I read and let my fingers creep inside her. My mouth attaches to her neck, leaving half-moon marks until she arches her back, mates her own book with mine, and we are pulled into a dark flood that pulls us under and we drown.
* * *
She has raised the money for the film through modelling. I never knew she was all over glossy magazines in Europe and Asia, plus several in the U.S. that I managed to miss.
She gives me a Vogue: she is on the cover in a rose-colored Giambattista Valli gown and about a hundred crinolines, standing by a murky pond, holding a black swan.
Her hair rises in two white-powdered wings; her eyelashes are long, arched feathers: the swan’s hooded fa
ce rests on her flushed cheek.
“Do you like it?” she says like a hard slap.
“I love it,” I say, stammering. Yet again, I feel the power of her beauty, like a hammer to my ugliness.
“You do?” she says. “Because I think I look disgusting.”
I snap my mouth shut, scared.
She tears the magazine apart in a frenzy, crying, “I’m so ugly, I’m so ugly,” as she does.
“I don’t understand,” I say. “The other magazines, your films.”
“I control the films.
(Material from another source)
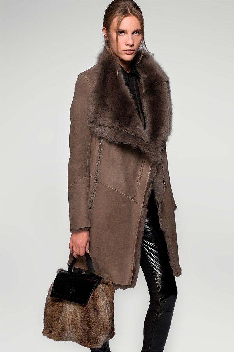Manteau en peau lainée de mouton - Marron

I destroy the other magazines,” she says. “I’m all in ruins,” she says, and I gather her to my baggy sweats, consoling her, knowing, at that moment, exactly what she means.
The flaw is in the reflection.
What others see.
“To me, you are the loveliest girl,” I say after I have coaxed her into the shower, where she sees her perfect self in my eyes.
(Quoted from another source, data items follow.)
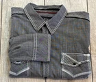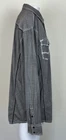 Gorgeous Buckle Black Athletic Fit charcoal gray stretch long sleeve snap up shirt in men's 2XL. The shirt has beautiful white stitching and black trim. It is lightweight and perfect for any occasion. This shirt is in excellent condition. No rips, tears or stains. Features: • Style Profile: Cowboy, Western, Classic, Retro, Rock, Grunge • Black snap buttons, stretch, point collar, flip cuffs, black trim, white stitching, embroidery, 2 button pockets, lightweight. • Machine Washable • Chest: 50 in •Length: 32 in This is a previously owned and used item. It may have signs of wear and previous use. We offer combined shipping to help save you some money!! Simply reach out to me to apply discount PLEASE NOTE: All measurements are approximate and taken with garment laid flat. Please look closely at pictures for measurements before purchasing. If you're not sure about the size, lay flat a similar item of your own and measure that item to compare with our measurements and feel free to message us with any questions. Colors may differ slightly in shade from photos to actual item due to variances caused by photography lighting and monitors. We greatly appreciate your business! Please remember to leave positive feedback if you are happy with your purchase! Thanks for looking!
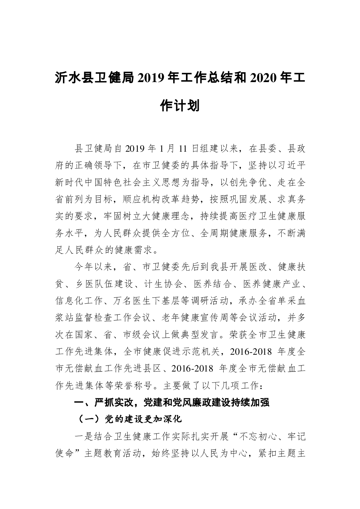 标题:沂水县卫健局2019年工作总结和2020年工作计划
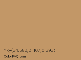 Yxy 34.582,0.407,0.393 Color is a normal orange color and the nearest color is Desert Camel #c19a6b. Hex code #c29767 and RGB value is rgb(194,151,103). In RGB color space, this color is composed of 76% red, 59% green, 40% blue, In CMYK color space, this color is composed of 0% cyan, 22% magenta, 47% yellow , 24% black , In HSL color space, this color has a hue angle of 32° , 43% saturation and 58% lightness.
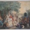 Il riposo durante la caccia. Acquerello su carta entro con cornice dorata.

And mine in hers; amidst the smell of eucalyptus and coconut milk, her damp, ripe body fits into mine like a piece in a puzzle about the mystical muscle of love.
* * *
Annabel and I fly to New York.
She is rounding up her film crew and doing a MAC-sponsored tribute to Hedy Lamarr — the inventor, she tells me as she tries on wig after wig, of spread-spectrum technology.
I love her in the shoulder-length congeries of platinum blonde curls and insist she keep it on, with the ropes of pearls and textured, skin-tight black chiffon dress.
By the time our car pulls up to the Plaza, the dress is shredded and covered in mad-dog foam.
I cover her with my jacket and the concierge appears at our suite within moments to take the garment to “someone discreet and fabulous.”
“This gentleman repaired Lindsay Lohan’s apparel,” he says, letting the mauled frock dangle from one finger. “Daily and nightly,” he adds, retreating, as we fall to the bed, my darling in pearls and new, springy curls and I, still somewhat shy, in a robe she unwraps as she murmurs, “There is no modesty between us.”